From the first line of the listing to the last, set down everything exactly, but skip the images.

_Stored data_
========
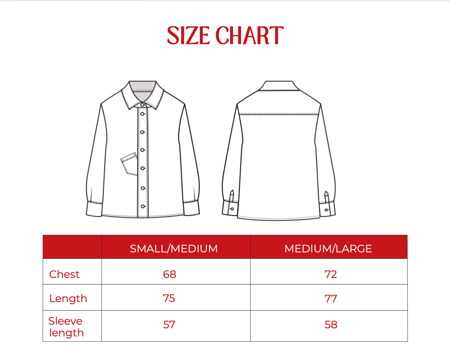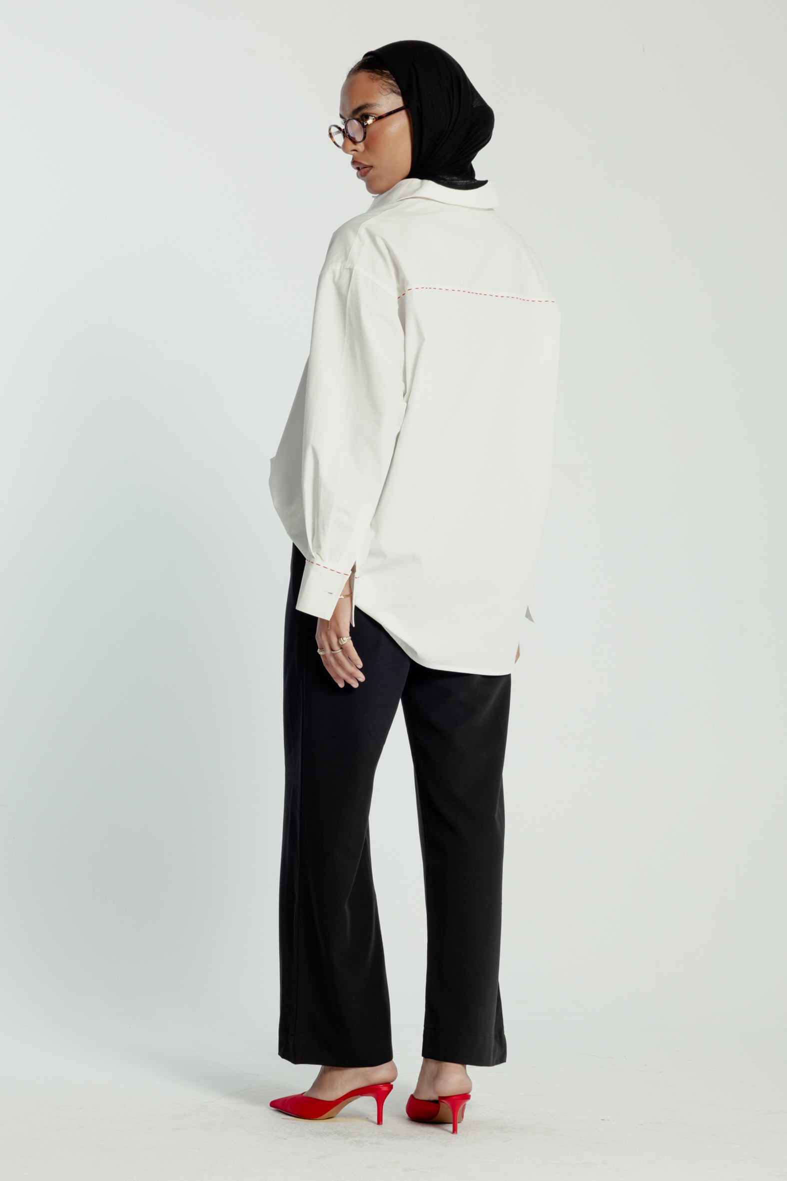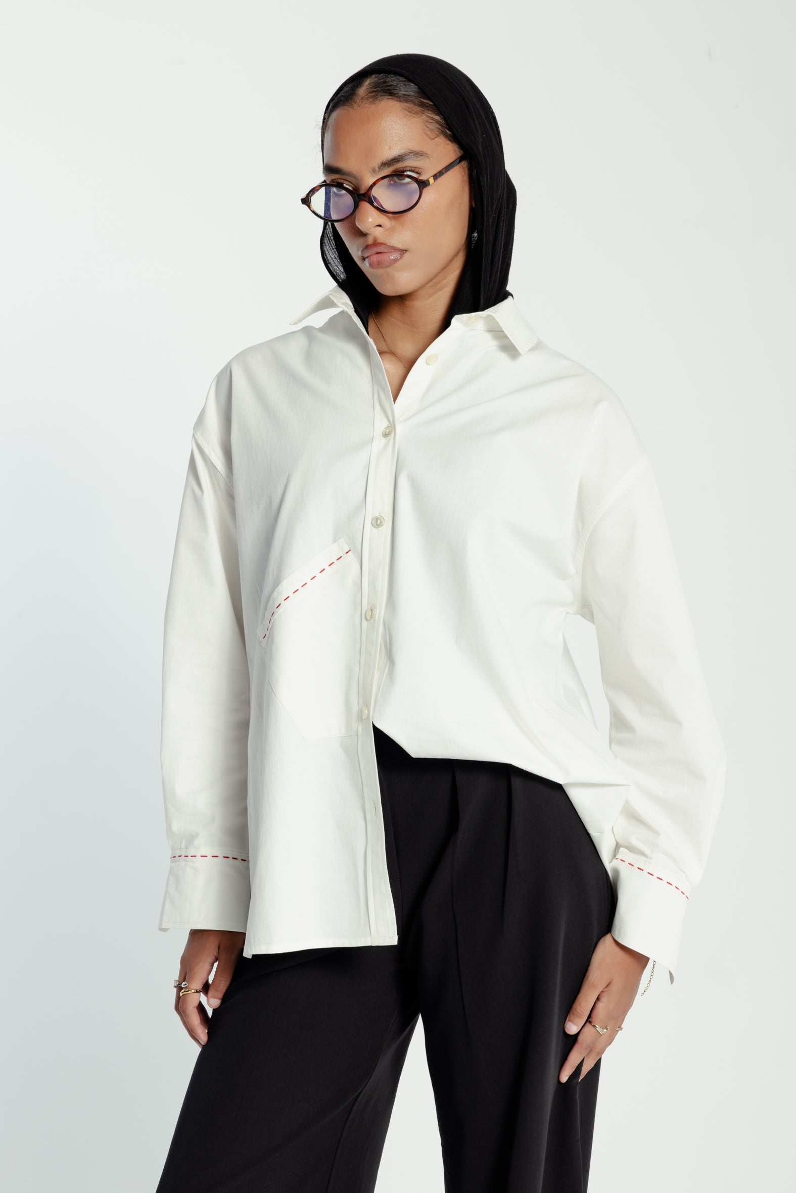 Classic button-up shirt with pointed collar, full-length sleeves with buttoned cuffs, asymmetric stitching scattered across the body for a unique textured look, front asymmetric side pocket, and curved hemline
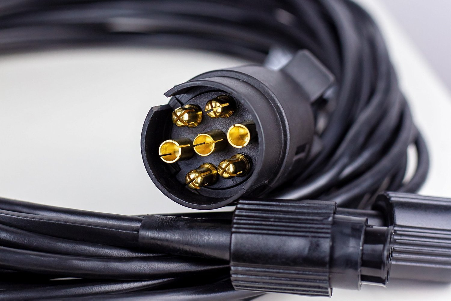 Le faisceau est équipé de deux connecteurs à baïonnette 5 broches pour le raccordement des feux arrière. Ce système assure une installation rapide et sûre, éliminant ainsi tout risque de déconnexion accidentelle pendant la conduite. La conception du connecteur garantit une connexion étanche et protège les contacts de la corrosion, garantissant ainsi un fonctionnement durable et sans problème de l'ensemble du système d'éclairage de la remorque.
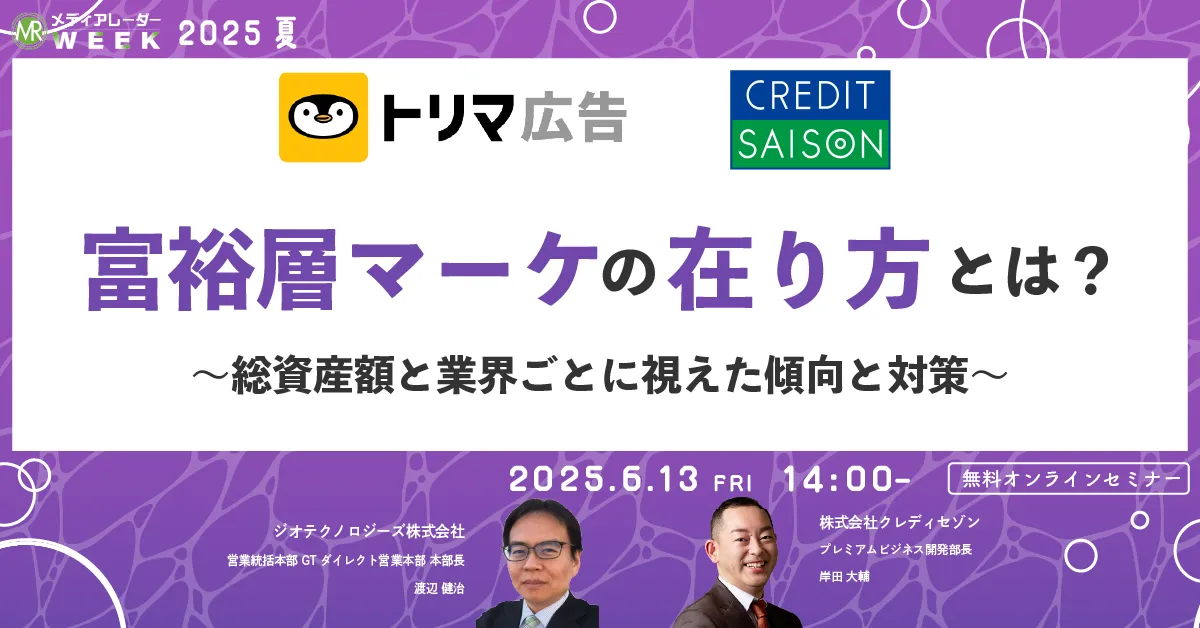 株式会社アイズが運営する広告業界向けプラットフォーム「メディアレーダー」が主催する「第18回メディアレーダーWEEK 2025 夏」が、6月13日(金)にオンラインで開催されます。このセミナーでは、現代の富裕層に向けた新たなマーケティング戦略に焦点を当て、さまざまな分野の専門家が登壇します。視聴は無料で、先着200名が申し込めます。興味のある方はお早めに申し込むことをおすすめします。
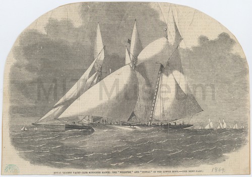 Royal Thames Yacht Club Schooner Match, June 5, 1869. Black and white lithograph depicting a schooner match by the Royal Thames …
========
_Answer space_
 Classic button-up shirt with pointed collar, full-length sleeves with buttoned cuffs, asymmetric stitching scattered across the body for a unique textured look, front asymmetric side pocket, and curved hemline
 Le faisceau est équipé de deux connecteurs à baïonnette 5 broches pour le raccordement des feux arrière. Ce système assure une installation rapide et sûre, éliminant ainsi tout risque de déconnexion accidentelle pendant la conduite. La conception du connecteur garantit une connexion étanche et protège les contacts de la corrosion, garantissant ainsi un fonctionnement durable et sans problème de l'ensemble du système d'éclairage de la remorque.
 株式会社アイズが運営する広告業界向けプラットフォーム「メディアレーダー」が主催する「第18回メディアレーダーWEEK 2025 夏」が、6月13日(金)にオンラインで開催されます。このセミナーでは、現代の富裕層に向けた新たなマーケティング戦略に焦点を当て、さまざまな分野の専門家が登壇します。視聴は無料で、先着200名が申し込めます。興味のある方はお早めに申し込むことをおすすめします。
 Royal Thames Yacht Club Schooner Match, June 5, 1869. Black and white lithograph depicting a schooner match by the Royal Thames …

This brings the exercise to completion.